Literature: The Girl Who Would Be King
The Girl Who Would Be King is a novel by Kelly Thompson, the publishing of which was funded through Kickstarter.The story follows Bonnie Braverman and Lola LeFever, two teenage girls with superpowers. Bonnie, after living in self-imposed isolation for years following the death of her parents in a car accident, decides she wants to use her abilities to protect people. Meanwhile, Lola kills her mother and sets out in pursuit of wealth and power, and is willing to do absolutely anything to get when she wants. When they meet, their battle will shake the world.

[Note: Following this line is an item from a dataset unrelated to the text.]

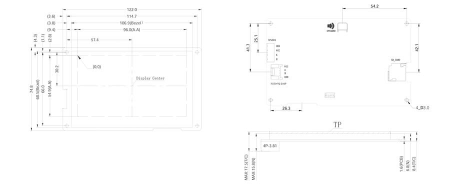 Product size: 122x74.8x17.5mm (MAX, including TP)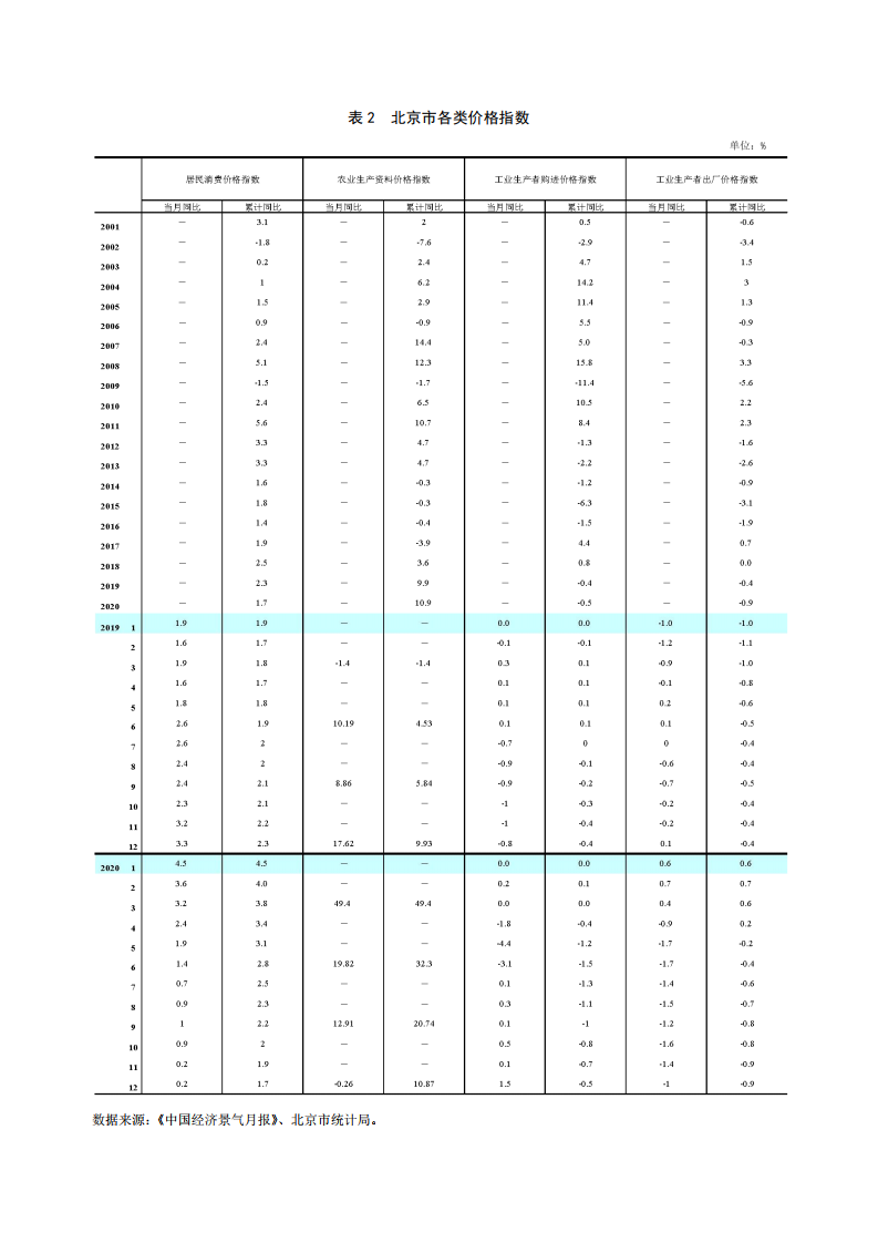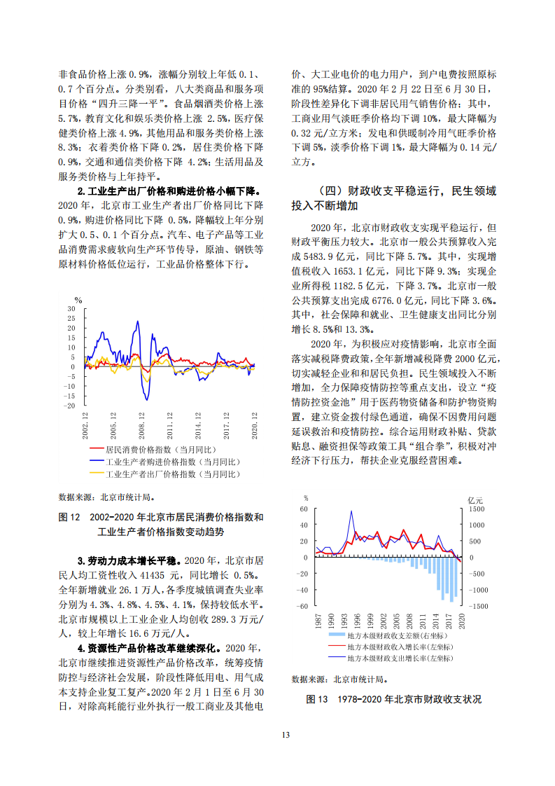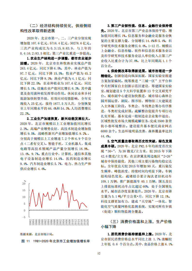 三次产业构成比为0.3:15.8:83.9,服务业优势突 显;都市农业逐步回暖,休闲农业和乡村旅游人均消费增长22.2%;工业生产加 速恢复,重点行业中计算机、通信和其他电子设备制造业、医药制造业较快增长, 同比分别增长14.6%、9.4%;第三产业韧性增强,信息、金融行业发挥主要带动 作用,分别增长14.4%和5.4%。三是消费价格温和上涨,生产价格小幅下降。北 京市居民消费价格同比上涨1.7%;工业生产者出厂价格、购进价格同比分别下降 0.9%和0.5%。四是财政收支平稳运行,民生投入不断增加。全市完成一般公共预 算收入5483.9亿元,同比下降5.7%;一般公共预算支出6776.0亿元,同比下降 3.6%。社会保障和就业、卫生健康支出同比分别增长8.5%和13.3%,全年新增减 税降费2000亿元。五是高端产业显现韧性,发展质效不断提升。高技术产业和战 略性新兴产业增加值占GDP的比重达25.6%和24.8%(二者有交叉),其中,高技术 制造业增加值同比增长9.5%,实现利润531.3亿元,同比增长5.4%,占全市规模 以上工业企业利润29.8%;战略性新兴产业增加值同比增长9.2%。

This novel contains examples of:
This novel contains examples of:
- The Alcoholic: Delia became one after losing her powers. Lola eventually becomes one as well.
- Alliterative Name: Bonnie Braverman and Lola LeFever.
- Amplifier Artifact: The raven stone. Though it's not actually the stone itself, but rather the symbol on it.
- Balance Between Good and Evil: The Bravermans and the LeFevers, forever at war, neither side capable of winning or losing.
- Bath Suicide: Attempted by Lola, but fails because of her healing factor.
- Bulletproof Human Shield: Lola uses Albert as one.
- Dead Person Conversation: Bonnie and Lola's mothers appear to them in Spirit Advisor sort of way at various points throughout the book.
- Dead Sidekick: For Bonnie, the death of Bryce
- Death Seeker: Lola, by the end.
- Deconstruction: Thought not as dark as, say, Watchmen, the book takes a pretty serious look at many superhero tropes. For example, Bonnie has trouble balancing her jobs, personal life, and heroics, and she had trouble getting those jobs in the first place.
- Downer Ending: Bonnie kills Lola, but cannot alter the balance between good and evil. She will die young, one of her daughters will be good and the other will be evil, and the endless conflict will continue.
- Dumb Muscle: Lola's one complaint about her powers are that they don't include heightened intelligence, meaning that despite her ambitions she's stuck in a dumb muscle role.
- Flying Brick: Bonnie and Lola's powerset.
- Friendly Enemy: Delia and Scarlett had this kind of relationship.
- Healing Factor: One of Bonnie and Lola's powers.
- In the Blood: The Bravermans are all inherently good, the LeFevers are all inherently evil.
- It's Not You, It's My Enemies: Bonnie to Clark.
- Kill the Ones You Love: Lola inevitably ends up killing everyone she cares about when they betray her.
- Left for Dead: Happens to Bonnie and Lola twice each.
- Meaningful Name: Bonnie means "Good"; Lola means "Sorrow". And of course there's "Braverman" versus "LaFever".
- Morality Pet: Liz for Lola. After killing Liz, Lola goes entirely insane.
- Mummies at the Dinner Table: After killing Elizabeth, Lola keeps her ear and talks to it like she's still alive.
- The Nicknamer: Lola takes pleasure in coming up with demeaning nicknames for her henchmen rather than bothering to learn their real ones.
- The Noun Who Verbed: The title.
- Pregnant Badass: Bonnie during the final battle.
- Rage Against the Reflection: Lola
- Resurrective Immortality: A Braverman or a LaFever won't stay dead unless they have a daughter who can inherit their power.
- Self-Made Orphan: Lola
- Sensory Overload: Lola suffers this when she first discovers her super hearing, though she manages to overcome it.
- The Sociopath: Lola
- The Speechless: Bonnie, due to trauma from the car crash that killed her parents, stops speaking until she turns 18.
- Spirit Advisor: Scarlett to Bonnie and Delia to Lola. However, they don't actually do much — Scarlett would like to help, but is prevented by geis from actually doing so; and Delia doesn't even want to help, and shows up just to mock Lola.
- Super Senses: Bonnie and Lola have super hearing and vision.
- Take Over the City: Lola declares herself King of Los Angeles.
- They Would Cut You Up: A recurring fear of Lola's, and the reason she is wary about killing police or anyone who might catch the government's attention.